5 Reasons Your Website Needs White Space | Blog | Energy Circle | Maine

5 Reasons Your Website Needs White Space

We’ve spent a great deal of time on this blog discussing the importance of having high-quality, SEO-optimized content on your website. Rich, valuable content has the power not only to attract users to your site but also to resonate emotionally with potential customers — generating leads for your HVAC, home performance or solar business.

This may have you thinking that when it comes to content, more is always better. However, if your website is jam-packed with hard-to-read content, people are going to leave your website before you can say “energy audit.” 

Who is going to read all of this?

Enter: White Space

“White space” refers to any unused area on your website — whether it’s white or not. It may be that space between paragraphs of text, between your text and images, between your service area map and the contact form, etc. If it’s an area that doesn’t distract the user from other elements on the page, chances are it’s white space.

All of this empty space may seem useless, but it does much more for your website than you may think. White space gives your website “breathing room,” making it easily digestible and simple to navigate.

Here are five unexpected benefits that white space can offer your company’s website.
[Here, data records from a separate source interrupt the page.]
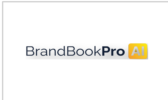
No effects or shadows
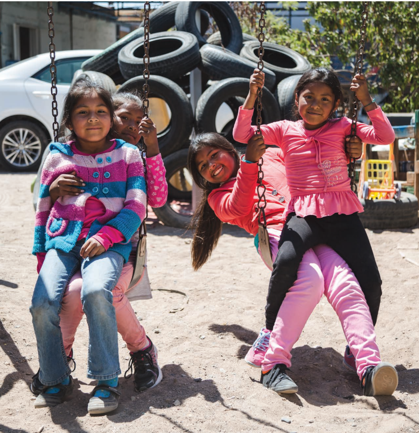
#Chilereconoce project. Iquique, Chile.
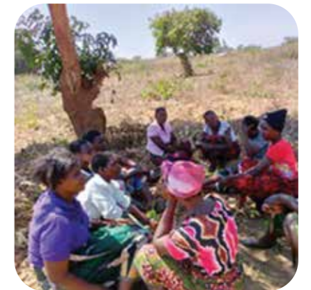
SFHC uses innovative training techniques to disseminate knowledge.
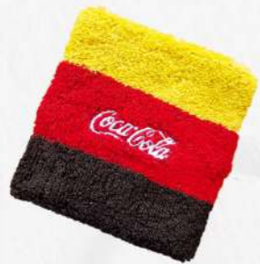
EMBROIDERED TERRY TOWEL WRISTBAND 26-4001

1. Drives Attention to Important Elements

White space tells visitors what the most important elements on your website are — whether that’s a contact form, phone number, or video about one of your services. If you want site visitors to call you or fill out that contact form, you need to incorporate ample white space in your web design.

Take Google’s homepage, for example: 

No one asks when getting to Google’s homepage where they should type in their search query.

2. Makes Content Easy to Digest

Strong, emotionally-driven content is highly effective in drawing in potential customers and generating leads for business; but if that content is difficult to read, you aren’t going to see those benefits.

To get the most from the content you’re producing, make sure your website has ample white space. Carefully planned space between paragraphs and around blocks of text helps people more easily digest the content they are reading, making for a better overall user experience.

Ah, the “meat” of Brower Mechanical’s homepage. Thanks to short paragraphs and breathing room between those paragraphs, this content is easy to read.

3. Gives Your Website Structure

You may think of white space as simply that space that is left over after placing web design elements where you want them on a page. However, white space can actually play a central role in giving your site structure. As a natural separator, it can set unrelated elements apart and lead the user’s eyes down the page.

Rather than filling your site with lines, arrows, and other graphical elements in an attempt to create hierarchy, let white space create structure and flow on your site. 

On this page about insulation, white space makes it easy to differentiate text from other interactive page elements.

4. Optimizes Your Website for Multiple Screen Sizes

You’ve probably heard by now that your website needs to be adaptable to multiple devices, including phones, tablets, desktops, and TV monitors. What you may not know is that white space plays a key role in optimizing site readability for varying screen sizes.

When viewing this website on a desktop, for example, white space to the left and right of the text keeps the text easy to read:

 

 When viewing the same website on mobile, you’ll notice less white space on either side of the text. The text is still easy to read thanks to paragraph spacing:

 

5. Boosts Your Overall First Impression

According to one study conducted at Carleton University in Ottawa, a website has just 50 milliseconds to make a good first impression on users. That’s 0.05 seconds.

This homepage is a little crowded.

If you want to present a clean image to potential customers who visit your site, your website must incorporate white space as a central design element. White space naturally separates elements within a design and creates the breathing room your site needs for a clean look.

How Much White Space Should My Website Have?

An effective website strikes a delicate balance between having rich content and having plenty of white space to give that content breathing room. Too little white space, and your website is going to be hard to navigate; too much white space, and your website won’t offer much value.

If your site seems off-balance with either too much or too little white space, now is the time to reassess your site’s design.